High-volume archival and special collections resources would similarly benefit from an identity management approach to access. For instance, pursuing authority work for names of buildings and structures is often resource intensive. Frequently, extensive research is conducted only to conclude that the available information about the entity is too incomplete to pursue authority work. The ability to include uncontrolled names of significant structures and prominent landmarks—and include a URI to alternative sources such as the National Register of Historic Places NPGallery Database or SAH (Society of Architectural Historians) Archipedia—increases access while reducing the procedural burden of controlling forms of names.

Enhancing MARC support for external sources also facilitates collaboration with partners outside traditional libraries. In recent discussions with the Buddhist Digital Resource Center (BDRC), Harvard and Columbia catalogers learned that the BDRC, which has previously mapped its names to 720, is capturing associated VIAF IDs and is able to output them in MARC. However, the absence of $1 in 720 is obviously an impediment to doing this. At time of writing BDRC is investigating the possibility of parsing its names for output to 7XX, but being able to give VIAF URIs in $1 would considerably simplify the transformation process. BDRC also maintains its own subject vocabulary, which it maps to 653. Defining $0 and $1 for 653 would enable identifiers to be given for these subject terms.

2. DISCUSSION

2.1. Subfields $0 and $1: Use Cases and General Discussion

It should be noted that MARC already allows identifiers from nontraditional sources such as ISNI and Wikidata to be given in other 1XX/6XX/7XX access point fields. The PCC Linked Data Best Practices final report envisages the use of $1 in a traditional access point field in two types of cases: (a) where it is desired to associate a Real World Object (RWO) URI from an external source with a name or subject that is already established in the library's authority file, and (b) where a name is not established in the library's authority file but nevertheless conforms to its conventions for heading construction (e.g., in using a last name, first name form for Western names). Those remain valid uses and the present proposal does not suggest making any changes to those fields.

However, many cases are better served by fields outside the traditional 1XX/6XX/7XX access point fields. The point may be illustrated by reference to 6XX subject fields. There are two main reasons why it is problematic to use a standard 610, 611, 630, 647, 648, 650, or 651 field to encode a subject from a nontraditional source such as Wikidata. The first is that it requires the cataloger to know what the correct MARC field is based on the type of entity. For automated processes, it might not be easy to assign the correct tag. In addition, even during manual metadata creation there may be times where the entity being cited does not easily fit into one of the 6XX categories noted above and thus a less rigid 653 would be more appropriate. Since linked data entities are described in their RDF and do not rely on MARC coding to identify their type, the use of the less rigid 653 field fits well with a linked data approach. The second and more fundamental reason why using traditional subject added entry fields can be problematic is that terms drawn from such sources are often neither unique nor stable, which is to say they are not "controlled" as librarians understand the term.

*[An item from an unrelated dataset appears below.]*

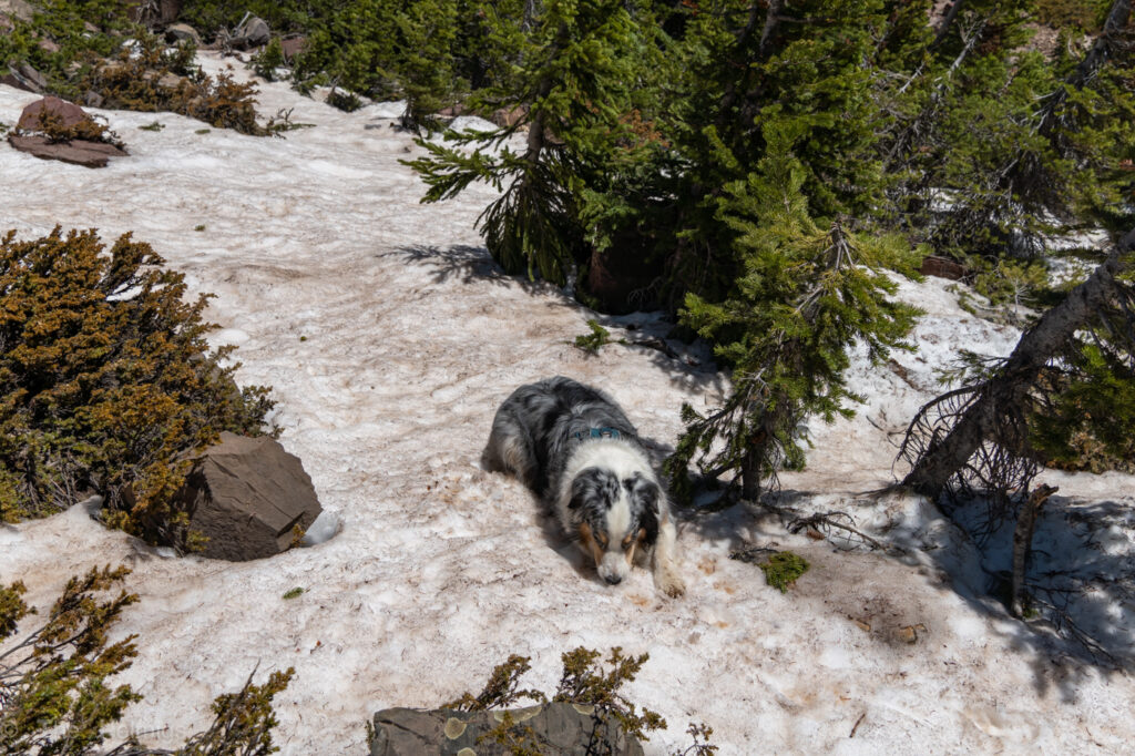 What a beautiful hike! But it wasn’t a complete success… poor little Moz shredded the skin on her front paw pads. She has done this a few times, and really it wasn’t too bad this time, but still a surprise because this used to be a real short hike for her. She’s really starting to show her age!

In January 2019, the MARC Advisory Committee (MAC) considered Discussion Paper 2019-DP03 from the German National Library on the handling of subjects of an unspecified entity type, i.e., of a type that could not be identified as falling into one of the entity types (personal, corporate, geographical, topical, etc.) designated by the existing 6XX fields. At its meeting MAC concluded that headings of the kind that motivated the discussion paper, from the Bavarian Library Network's Gnomon thesaurus, were indeed "unspecified" but were nevertheless "controlled". Because these subjects were considered to be controlled, MAC concluded that 653 was not appropriate for headings of this type. A new field, 688 (Subject Added Entry-Type of Entity Unspecified) was defined instead. The MAC discussion also raised, but did not pursue, the possibility of a corresponding 7XX field for names of an unspecified entity type that were nevertheless controlled.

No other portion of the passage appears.